Extracted records:
§

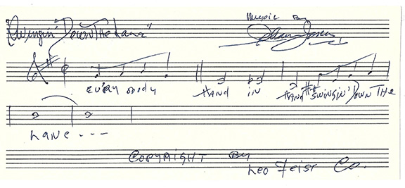 JONES, Isham (1894-1956). U.S. Bandleader, violinist, bassists and songwriter. His compositions include “Swingin Down The Lane” which was #1 for 6 weeks in 1923. “Ill See You In My Dreams” (1924), “It Had To Be You” (1924), and “There Is No Greater Love” (1936). Jones was inducted into the Big Band and Jazz Hall of Fame and The Songwriters Hall of Fame. AMuQs, Jones has penned two lines of music and the words to his hit “Swingin Down The Lane” on printed music paper measuring 3.5”x9”. Boldly signed. Autographs of Jones are uncommon in any form..............................$275.00
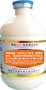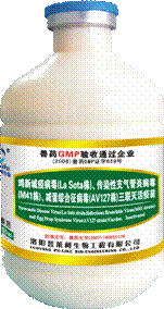 【兽药名称】 鸡新城疫病毒(La sota株)、传染性支气管炎病毒 (M41株)、减蛋综合征病毒(AV127株)三联灭活疫苗 【产品特点】 (1)免疫保护期长:全套引进美国MILLIPORE膜分离浓缩技术,抗原超强浓缩,抗体高,维持时间长,免疫保护长达5个月以上。 (2)疫苗副反应小:法国进口佐剂,免疫增强作用好;粘度小,注射方便;易吸收,残留小,应激小;抗原纯化,除去杂蛋白、尿酸盐等杂质,疫苗副反应小。 (3)国际标准毒株——AV127株,免疫原性好,确保产蛋不下降。 (4)中国第一家将传染性支气管炎效价提升至国际标准,品质更可靠。
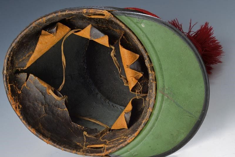 Regno delle Due Sicilie, altezza 19 cm. metà del XIX Sec. Alto coppo in feltro, la parte superiore e la visiera in cuoio, gallone in tessuto rosso; fregio in ottone dorato recante il numero '3', coccarda rossa, pompon rosso; l'interno in pelle. Segni d'uso. Molto raro.
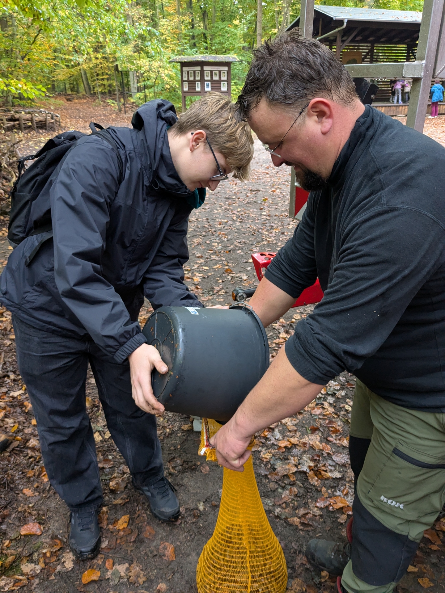 Nach einer kurzen Einweisung durch den Stadtförster Thomas Meier ging es bei regnerischem Wetter los. Die Schüler stürzten sich auf das Saatgut und schnell füllten die Eimer. Die Ruhe des Waldes wurde immer nur kurzzeitig durch die Laubbläser der Waldarbeiter unterbrochen. Sie halfen den Schülern und zeigten ihnen die besonders ertragreichen Stellen. Bald war dann auch schon das selbstgesteckte Ziel von 100 Kilogramm gesammelter Eicheln erreicht. Der städtische Forst wollte aber mehr, schließlich werden etwa 300 Kilogramm für die Aussaat auf einen Hektar benötigt. Also wurde motiviert weiter gesammelt und nach einigen Stunden war es tatsächlich geschafft, 300 Kilogramm Saatgut sind gesammelt worden!
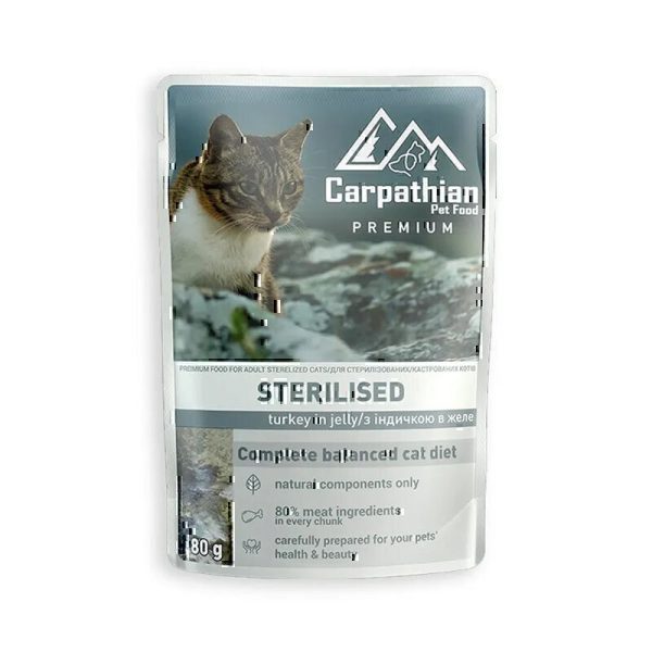 پوچ گربه عقیم شده کارپاتین ژلهای با طعم بوقلمون Carpathian Sterilised Turkey in Jelly وزن 80 گرم
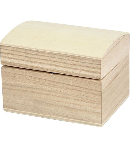 Skattekiste i lyst træSkattekiste i lyst kejsertræ med buet låg og en lille skjult magnetlås i kistens kant og låg, som fint lukker låget til. Trækisten kan bruges til opbevaring af mindre ting som f.eks. perler, smykker, sytråd og nåle eller små pynteting og dekorationsartikler. Du kan bruge kisten som den er, eller du kan dekorere og personliggøre den med f.eks. hobbymaling, decoupage eller glitter.Materiale: KejsertræMål (LxBxH): 8 x 6 x 4,5 cmMagnetlås ...
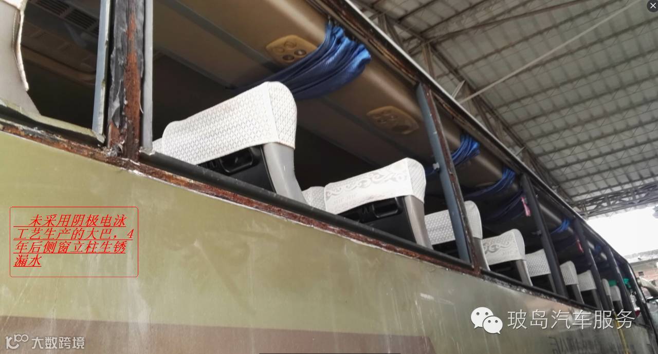 车身制造采用阴极电泳工艺,完全可以保证大巴7-8年不发生生锈现象,但阴极电泳工艺投资巨大,生产直接成本也高,小批量、间歇式的大巴生产成本则更高,大巴生产厂家为了最求更高的利润和较低的竞争价格的需要,牺牲了大巴用户的利益。
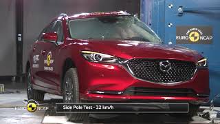 The passenger compartment of the Mazda 6 remained stable in the frontal offset test. Dummy readings showed good protection of all critical body areas for the passenger and good protection for the knees and femurs of both the driver and passenger. Mazda showed that a similar level of protection would be provided to occupants of different sizes and to those sitting in different positions. In the full-width rigid barrier test, protection of the driver dummy was good for all critical body areas. Protection of the rear passenger was good or adequate but the pelvis slipped beneath the lap section of the seatbelt, behaviour that was penalised, and the rating for this body area was rated as poor. In both the side barrier and the more severe side pole impacts, protection of all critical body areas was good and the Mazda 6 scored maximum points in these tests. Tests on the front seats and head restraints demonstrated good protection against whiplash injury in the event of a rear-end collision. A geometric assessment of the rear seats also indicated good whiplash protection. The standard-fit autonomous emergency braking (AEB) system scored maximum points in tests of its functionality at the low speeds, typical of city driving, at which many whiplash injuries are caused.
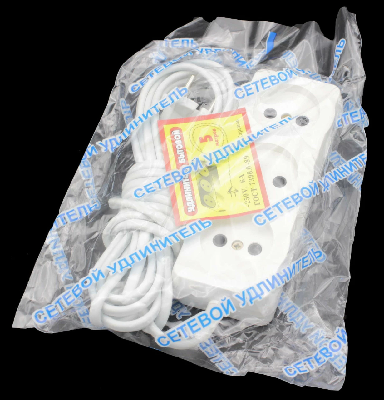 Удлинитель белого цвета. Имеет три розетки. Качественный удлинитель с высоким коэффициентом выносливости. Длинна данного удлинителя пять метров.
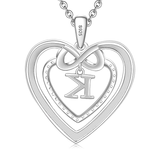 ULOMEOO Collana Donna Iniziali Argento 925 Pendente Ciondolo Cuore Infinito Lettera K con Cristallo Gioielli Regalo Mamma Madre Nonna Moglie Figlia Fidanzata
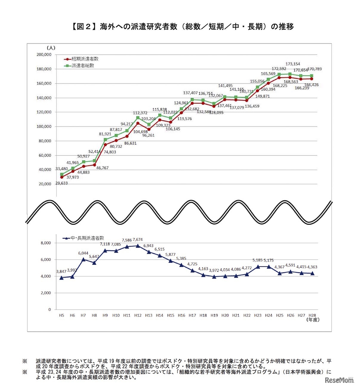 画像出典:文部科学省「国際研究交流の概況(平成28年度の状況)」 海外への派遣研究者数(総数、短期、中・長期)の推移
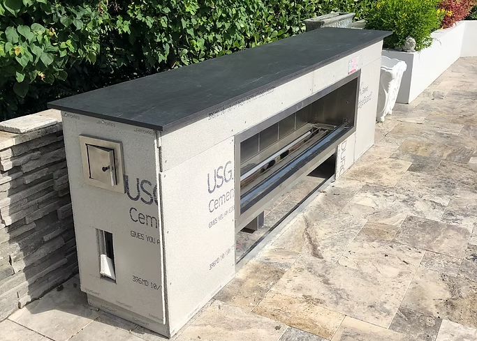 In this outdoor Fireplace in Boca Raton, Fl, we fabricated and installed Dekton countertops with a straight edge.

§

What is being asked: Give again the stretch of the entries above that begins at the line with "Skattekiste i lyst træSkattekiste" and ends at the line with "车身制造采用阴极电泳工艺,完", word for word, with no pictures.

Response below:
 Skattekiste i lyst træSkattekiste i lyst kejsertræ med buet låg og en lille skjult magnetlås i kistens kant og låg, som fint lukker låget til. Trækisten kan bruges til opbevaring af mindre ting som f.eks. perler, smykker, sytråd og nåle eller små pynteting og dekorationsartikler. Du kan bruge kisten som den er, eller du kan dekorere og personliggøre den med f.eks. hobbymaling, decoupage eller glitter.Materiale: KejsertræMål (LxBxH): 8 x 6 x 4,5 cmMagnetlås ...
 车身制造采用阴极电泳工艺,完全可以保证大巴7-8年不发生生锈现象,但阴极电泳工艺投资巨大,生产直接成本也高,小批量、间歇式的大巴生产成本则更高,大巴生产厂家为了最求更高的利润和较低的竞争价格的需要,牺牲了大巴用户的利益。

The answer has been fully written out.